:: Entries supplied ::
-------

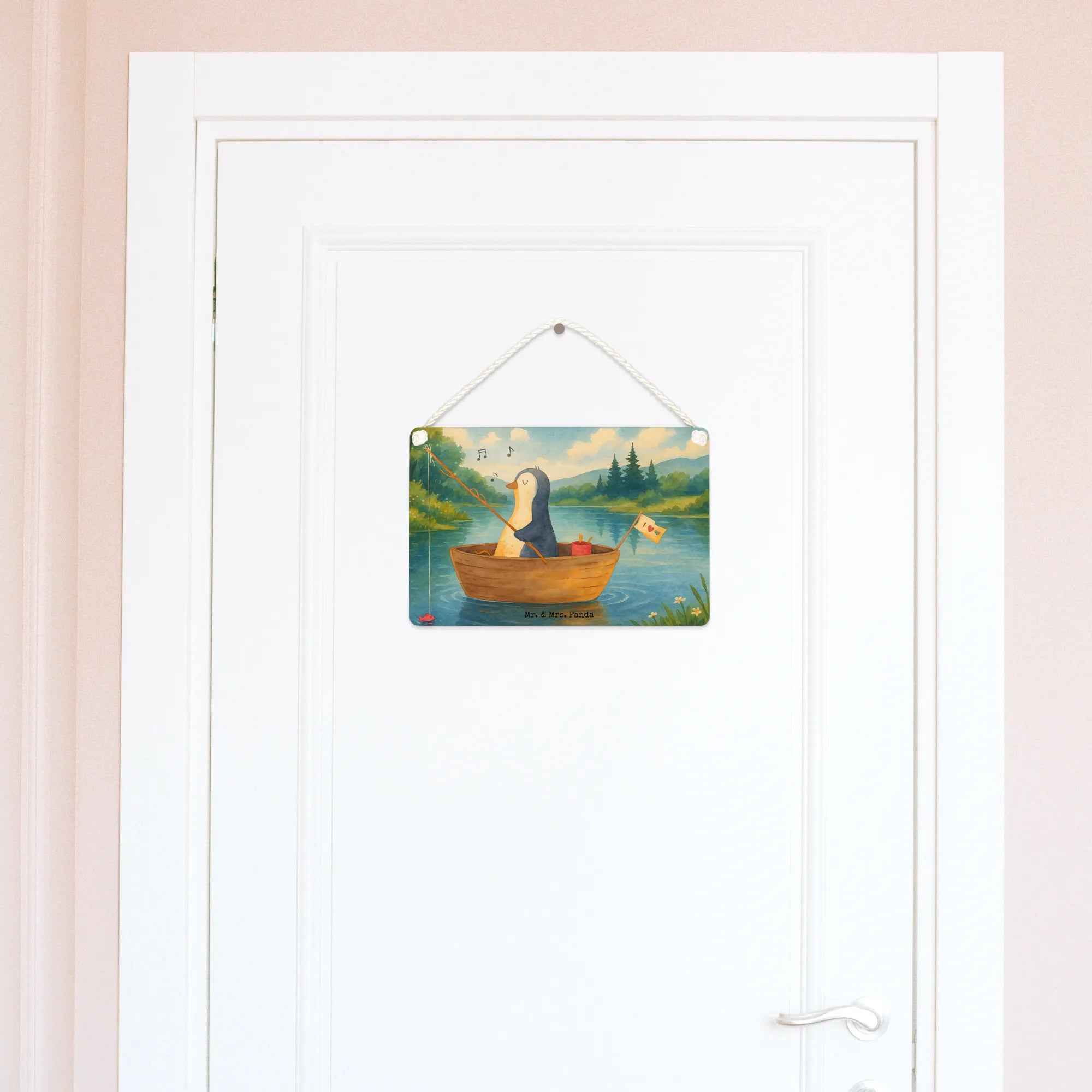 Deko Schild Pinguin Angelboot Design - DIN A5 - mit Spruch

-------

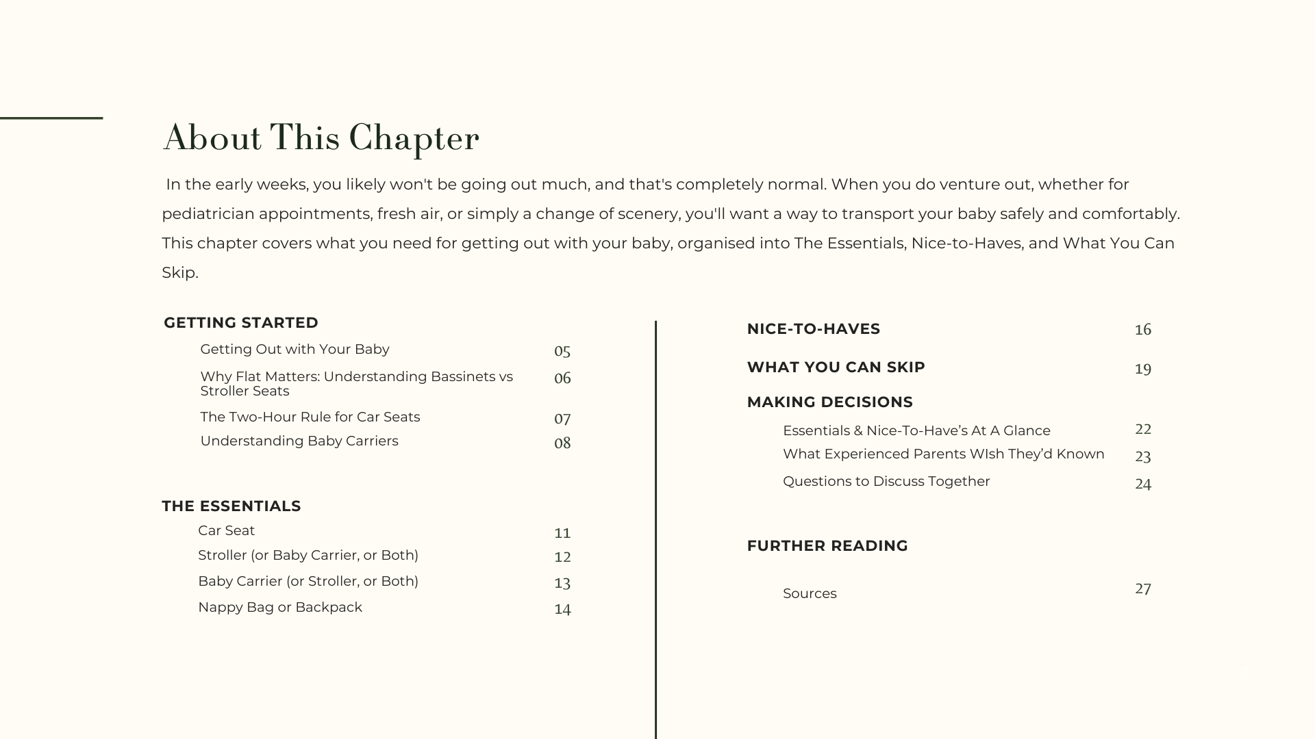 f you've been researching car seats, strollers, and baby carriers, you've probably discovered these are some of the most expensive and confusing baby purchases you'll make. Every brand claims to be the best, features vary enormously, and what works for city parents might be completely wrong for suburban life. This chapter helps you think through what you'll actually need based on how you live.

-------

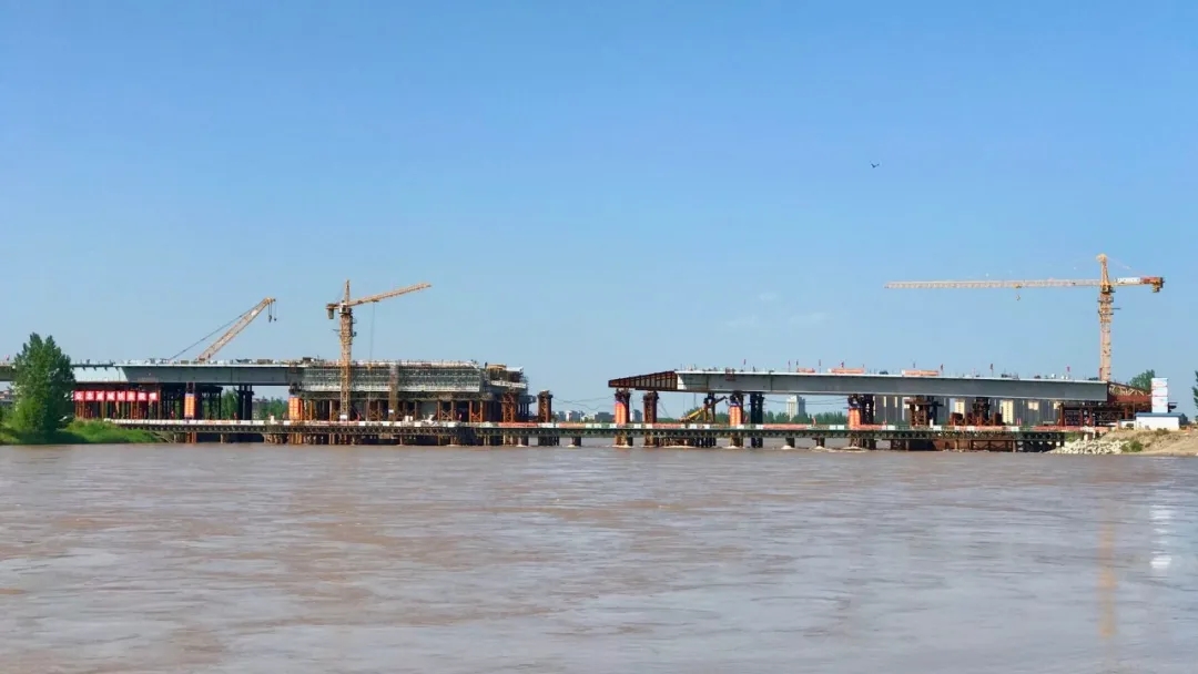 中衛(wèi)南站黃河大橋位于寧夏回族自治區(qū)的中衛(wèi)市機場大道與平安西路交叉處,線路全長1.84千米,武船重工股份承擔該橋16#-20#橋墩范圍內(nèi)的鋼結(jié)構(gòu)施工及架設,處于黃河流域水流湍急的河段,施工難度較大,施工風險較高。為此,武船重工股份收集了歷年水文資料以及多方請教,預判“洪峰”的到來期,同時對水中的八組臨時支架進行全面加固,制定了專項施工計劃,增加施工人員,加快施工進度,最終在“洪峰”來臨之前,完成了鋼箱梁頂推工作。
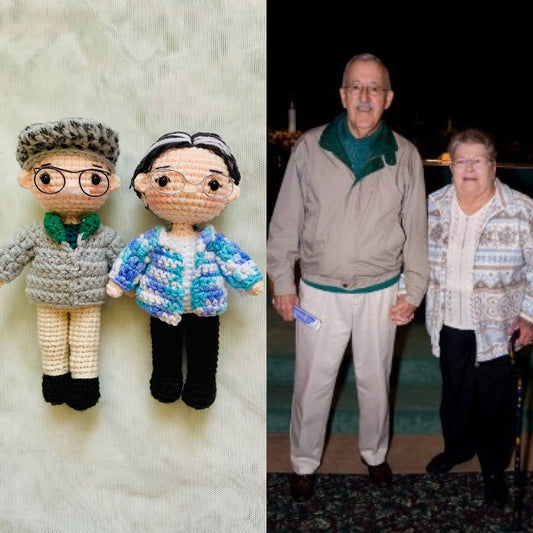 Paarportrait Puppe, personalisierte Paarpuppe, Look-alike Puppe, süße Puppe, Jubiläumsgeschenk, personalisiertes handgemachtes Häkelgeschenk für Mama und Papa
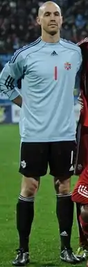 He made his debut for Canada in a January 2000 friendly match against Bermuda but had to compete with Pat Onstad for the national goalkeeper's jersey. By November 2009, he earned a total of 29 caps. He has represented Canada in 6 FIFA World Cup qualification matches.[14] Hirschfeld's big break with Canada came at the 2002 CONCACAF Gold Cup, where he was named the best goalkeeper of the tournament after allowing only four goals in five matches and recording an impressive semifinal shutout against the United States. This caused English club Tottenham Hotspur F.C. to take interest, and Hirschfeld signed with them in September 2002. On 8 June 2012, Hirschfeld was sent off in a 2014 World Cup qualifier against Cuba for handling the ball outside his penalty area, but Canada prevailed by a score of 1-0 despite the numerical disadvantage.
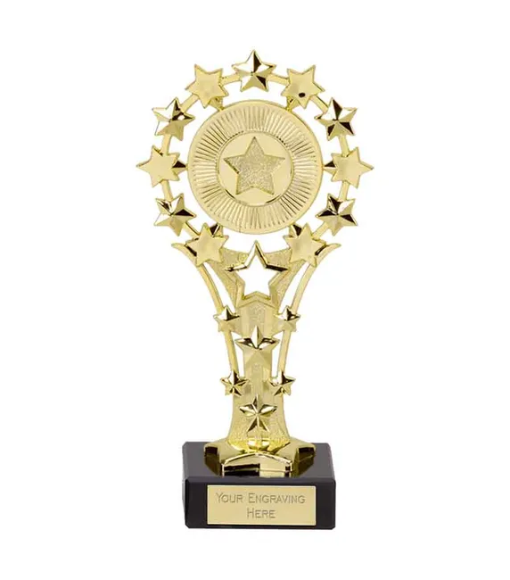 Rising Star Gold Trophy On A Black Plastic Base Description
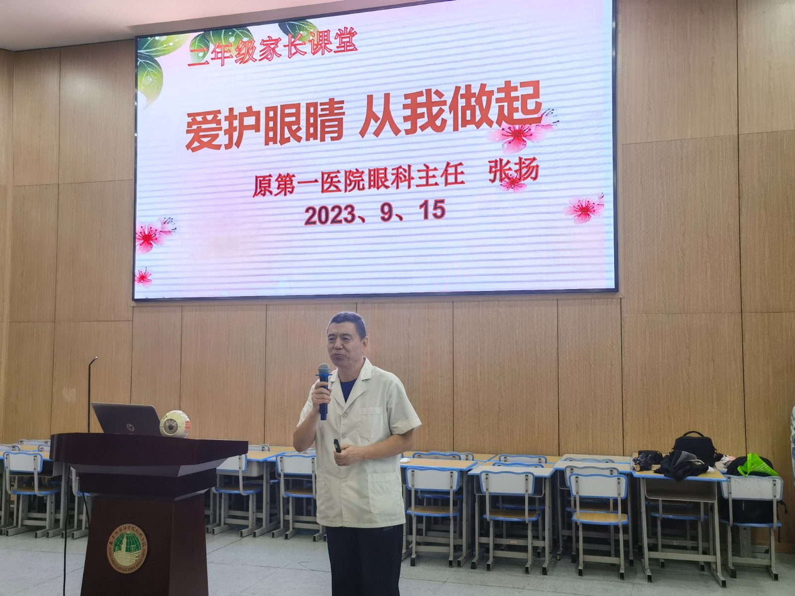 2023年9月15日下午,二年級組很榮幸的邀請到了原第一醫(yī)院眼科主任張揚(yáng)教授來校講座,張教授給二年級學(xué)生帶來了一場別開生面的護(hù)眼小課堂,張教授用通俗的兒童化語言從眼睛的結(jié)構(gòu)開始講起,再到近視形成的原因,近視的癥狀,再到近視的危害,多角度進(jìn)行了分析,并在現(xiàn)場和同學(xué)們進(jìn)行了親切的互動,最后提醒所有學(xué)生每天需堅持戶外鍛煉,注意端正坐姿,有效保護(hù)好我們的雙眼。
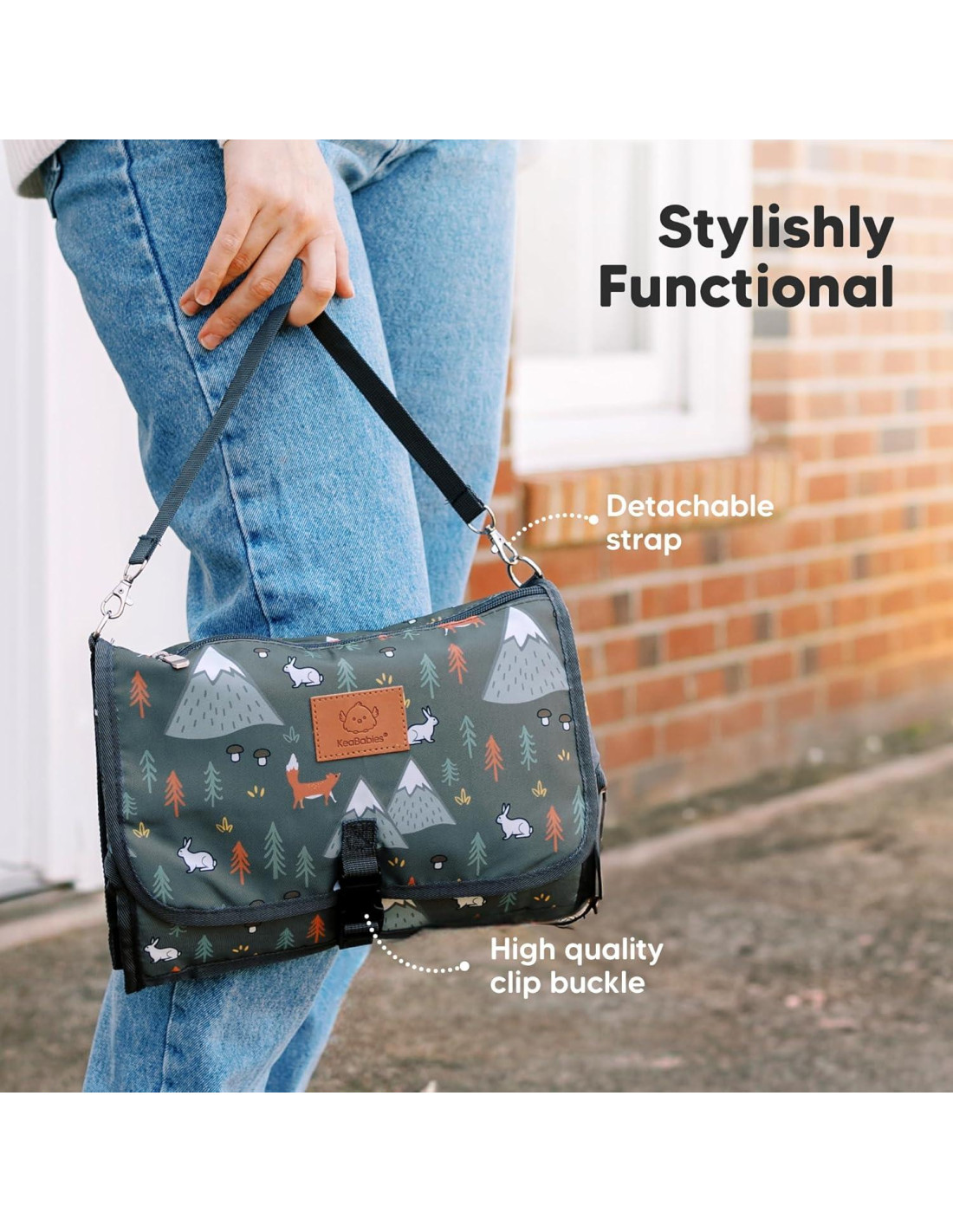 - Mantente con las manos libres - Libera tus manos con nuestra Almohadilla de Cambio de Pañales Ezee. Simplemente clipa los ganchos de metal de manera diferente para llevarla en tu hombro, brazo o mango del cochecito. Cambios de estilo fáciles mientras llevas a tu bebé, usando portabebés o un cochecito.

-------

:: Required action ::
In the listing above, find the line containing "Rising Star Gold" and the line containing "- Mantente con", then output those two lines and everything between them exactly as written, without the images.

:: Your response ::
 Rising Star Gold Trophy On A Black Plastic Base Description
 2023年9月15日下午,二年級組很榮幸的邀請到了原第一醫(yī)院眼科主任張揚(yáng)教授來校講座,張教授給二年級學(xué)生帶來了一場別開生面的護(hù)眼小課堂,張教授用通俗的兒童化語言從眼睛的結(jié)構(gòu)開始講起,再到近視形成的原因,近視的癥狀,再到近視的危害,多角度進(jìn)行了分析,并在現(xiàn)場和同學(xué)們進(jìn)行了親切的互動,最后提醒所有學(xué)生每天需堅持戶外鍛煉,注意端正坐姿,有效保護(hù)好我們的雙眼。
 - Mantente con las manos libres - Libera tus manos con nuestra Almohadilla de Cambio de Pañales Ezee. Simplemente clipa los ganchos de metal de manera diferente para llevarla en tu hombro, brazo o mango del cochecito. Cambios de estilo fáciles mientras llevas a tu bebé, usando portabebés o un cochecito.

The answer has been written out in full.